Preheat the oven to 350°F.
Take the 12 Hawaiian sweet rolls out of the package, leaving the rolls intact. Take a large knife and slice the rolls across so you have the tops and bottom separated. Place the bottom, cut side up into an 11x7-inch (or 9x13-inch) baking dish.
Top the bottom half of the rolls with HALF of the 10 slices provolone cheese and all 14 ounces sliced deli roast beef. Set aside.
Top the roast beef layer with the cooked onions, spreading them out evenly.
Add the remaining sliced provolone cheese, then place the top half of the rolls on top.
In a small bowl stir together ½ cup unsalted butter, melted and 1 ½ Tablespoons dried onion soup mix. I like to brush this mixture on top of the rolls to make sure it’s evenly distributed but you can just pour the butter sauce on top.
Cover the baking dish loosely with foil, you want to make sure the foil is not touching the tops of the rolls and bake for 25 minutes.

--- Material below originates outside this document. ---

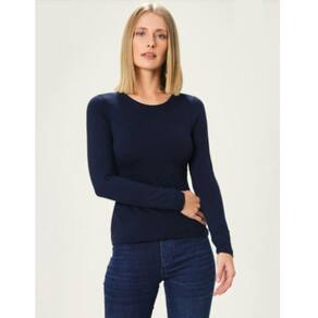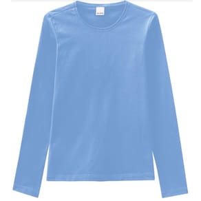 Blusa confeccionada em cotton light, um tecido de toque macio e confortável. Modelagem com caimento justo no corpo. Modelo possui mangas longas e decote redondo.
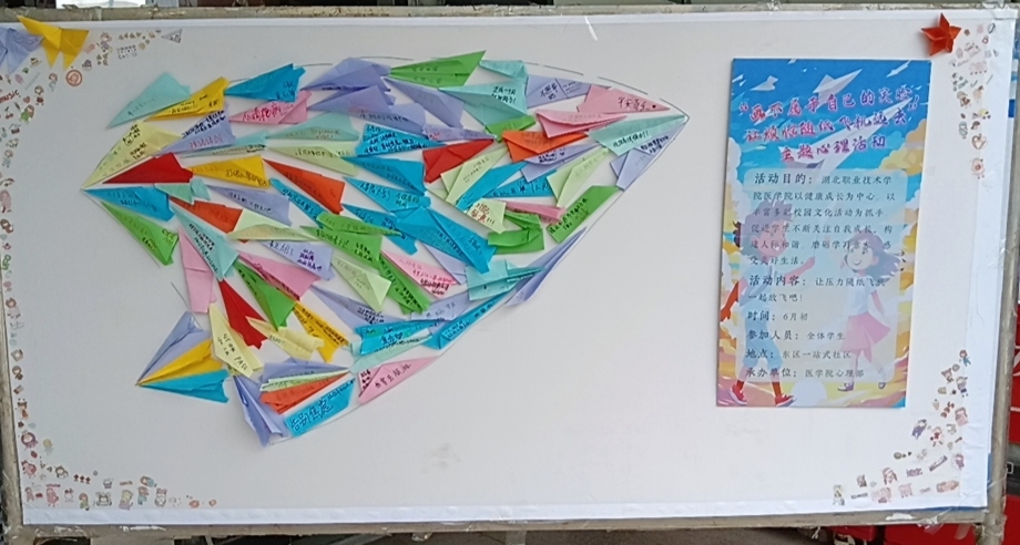活动现场布置温馨且富有创意,吸引了众多学生踊跃参与。同学们在彩纸上倾诉各自的烦恼,内容涵盖学业压力、人际困扰、生活琐事等。随后,他们依据个人喜好,将烦恼化为手中多彩多样的纸飞机。通过这一手工制作过程,同学们不仅感受到了创造的乐趣,更将负面情绪转化为积极行动。

Take the foil off and bake an additional 5 minutes to brown the rolls.
While the rolls are baking, prepare the 1 packet au jus gravy mix per the package directions with the 3 cups water.
Serve the rolls topped with a sprinkling of fresh chopped parsley (optional) with the prepared au jus on the side for dipping.
Video
Notes
You can substitute the deli roast beef with an leftover pot roast.
Use any of your favorite slider buns for this recipe.
The au jus is optional but we really love dipping these in it.
Provolone can be swapped for mozzarella or swiss cheeses if you'd like.